1. Motion Estimation – Motion estimation plays a central role in exploiting the temporal correlation in any video codec. To show how important motion estimation and compensation is, it is possible to say that most of the compression efficiency evolution is recent years, notably for the MPEG standards, is related to the evolution of motion representation, e.g., accuracy of the motion estimation, variety of macroblock partitions, and number of reference frames. This compression power has the side effect of a high encoding complexity which may reach 80% for some codecs and platforms, justifying the need to develop the so-called fast motion estimation methods where the image is analysed in a non exhaustive way to select the best motion vectors. It is important to stress that video coding standards do not define how motion estimation shall be performed but it is well known that bad motion estimation implies a bad RD performance.

2. Reference Frame Selection – In the H.264/AVC standard, it is possible to choose the usual one or two reference frames (for P and B slices) from a set of candidate reference frames, which means that the encoder has to analyse the multiple candidate reference frames available to decide which frame(s) should become the reference frame(s) to provide the best prediction for each macroblock. This is basically the same problem as in the previous item, brought now to a larger analysis and optimisation space. Again, considering the high complexity associated, fast reference frame selection methods are relevant.

3. Intra Prediction – Intra prediction in the H.264/AVC standard allows a macroblock to be very efficiently Intra encoded based on a prediction created using the neighbouring macroblocks from the same frame.
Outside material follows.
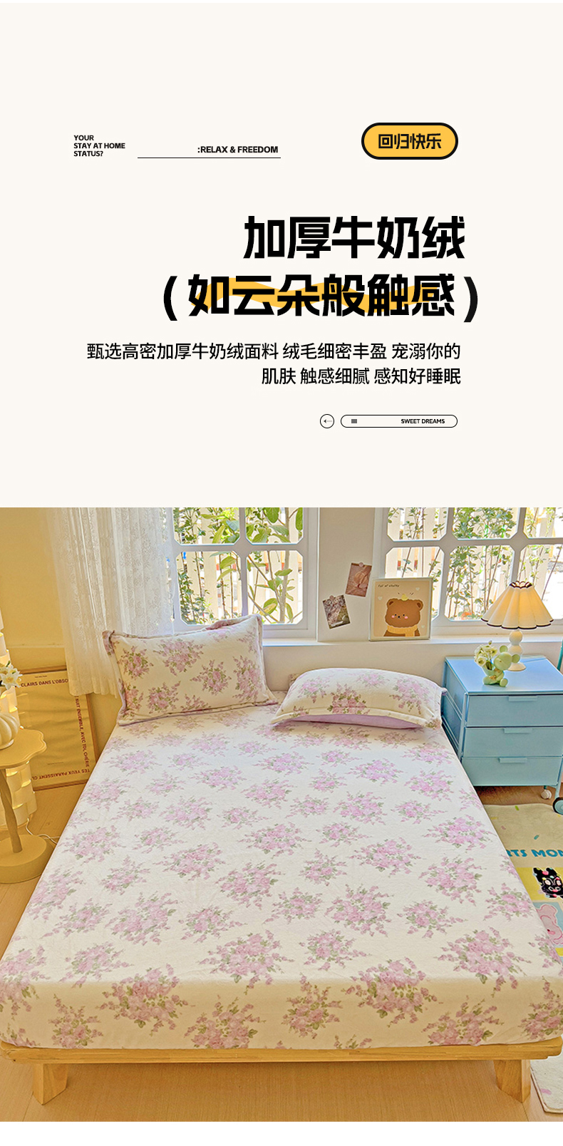 卡普二店 2024新款爆款加厚卡通小清新全棉纯棉学生宿舍三件套床笠隔天可拿 快乐追梦,快乐追梦

This requires some analysis in order for the best Intra prediction mode to be selected.

4. Coding Mode Selection – Since there is a multiplicity of coding modes, macroblock partitions, and reference frames, it is necessary to select the coding solution which performs the best. In the H.264/AVC reference software, this can be accomplished through various RD optimisation (RDO) methods using RD functions which trade-off complexity with optimality, but other types of analysis may be used since this is a non-normative process. For certain environments, e.g., battery constrained, the RD optimisation approach may evolve to a rate-distortion-complexity (RDC) approach where the decoding complexity is also considered in the optimisation process.

5. Rate Control – If a certain output bitrate has to be obtained, then the encoder has also to further decide on the bit allocations (e.g., GOP, frame and MB level), quantisation steps, and their variation within and along the frames, implying that some rate control method is available. This tool has a key impact on the final RD performance since badly allocated resources are wasted resources; to avoid this, some good analysis is also required.

6. Error Resilience – Since most transmission channels are error prone, an efficient way to improve the final video quality is by increasing the error resilience of the transmitted bitstream. This may be performed in several ways, notably by adding intra refreshing, redundant data, selecting adequate FMO modes, etc. Moreover, since standards define the decoding process for ideal channels, when the channels are not ideal, decoders have to become ‘more clever’ by adding adequate error processing tools which may significantly improve the final video quality. A very interesting type of these tools, well known as error concealment tools, has the task to maximise the final video quality by exploiting in the best way the corrected and corrupted received data.